- [Data section]:
____________
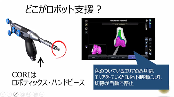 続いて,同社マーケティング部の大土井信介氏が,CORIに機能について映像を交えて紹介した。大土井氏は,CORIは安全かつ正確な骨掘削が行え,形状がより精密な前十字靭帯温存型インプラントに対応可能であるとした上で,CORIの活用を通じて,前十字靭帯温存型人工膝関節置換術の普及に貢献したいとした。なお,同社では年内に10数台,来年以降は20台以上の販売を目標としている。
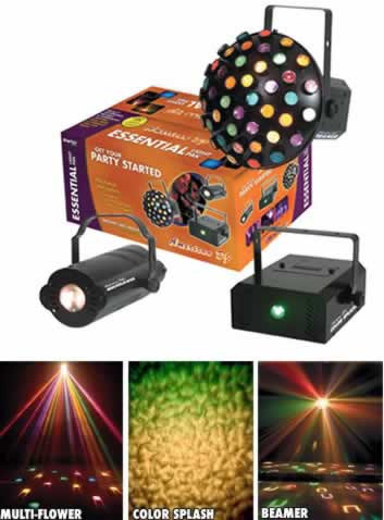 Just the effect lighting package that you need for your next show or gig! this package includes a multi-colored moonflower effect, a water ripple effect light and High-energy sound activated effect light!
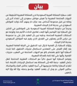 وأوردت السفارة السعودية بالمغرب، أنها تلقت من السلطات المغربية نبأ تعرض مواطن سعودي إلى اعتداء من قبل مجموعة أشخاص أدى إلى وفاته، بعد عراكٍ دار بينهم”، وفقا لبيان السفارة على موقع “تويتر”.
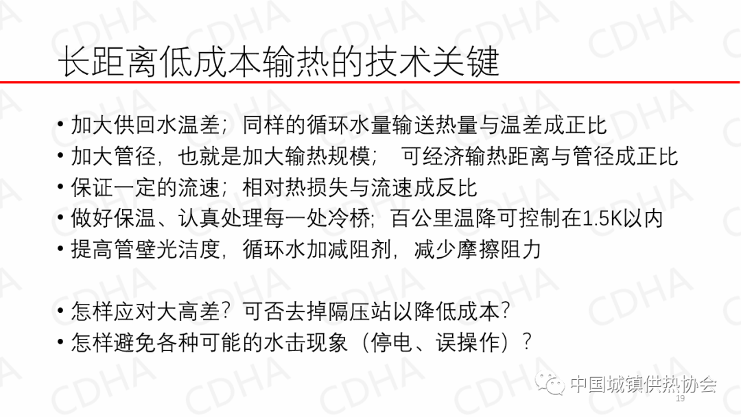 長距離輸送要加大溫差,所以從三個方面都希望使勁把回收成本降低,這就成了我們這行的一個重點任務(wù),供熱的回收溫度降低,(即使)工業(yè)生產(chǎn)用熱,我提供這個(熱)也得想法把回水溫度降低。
____________
- [What is required]:
Word for word, quote the lines above. Omit the pictures.

- [Exercise answer]:
 続いて,同社マーケティング部の大土井信介氏が,CORIに機能について映像を交えて紹介した。大土井氏は,CORIは安全かつ正確な骨掘削が行え,形状がより精密な前十字靭帯温存型インプラントに対応可能であるとした上で,CORIの活用を通じて,前十字靭帯温存型人工膝関節置換術の普及に貢献したいとした。なお,同社では年内に10数台,来年以降は20台以上の販売を目標としている。
 Just the effect lighting package that you need for your next show or gig! this package includes a multi-colored moonflower effect, a water ripple effect light and High-energy sound activated effect light!
 وأوردت السفارة السعودية بالمغرب، أنها تلقت من السلطات المغربية نبأ تعرض مواطن سعودي إلى اعتداء من قبل مجموعة أشخاص أدى إلى وفاته، بعد عراكٍ دار بينهم”، وفقا لبيان السفارة على موقع “تويتر”.
 長距離輸送要加大溫差,所以從三個方面都希望使勁把回收成本降低,這就成了我們這行的一個重點任務(wù),供熱的回收溫度降低,(即使)工業(yè)生產(chǎn)用熱,我提供這個(熱)也得想法把回水溫度降低。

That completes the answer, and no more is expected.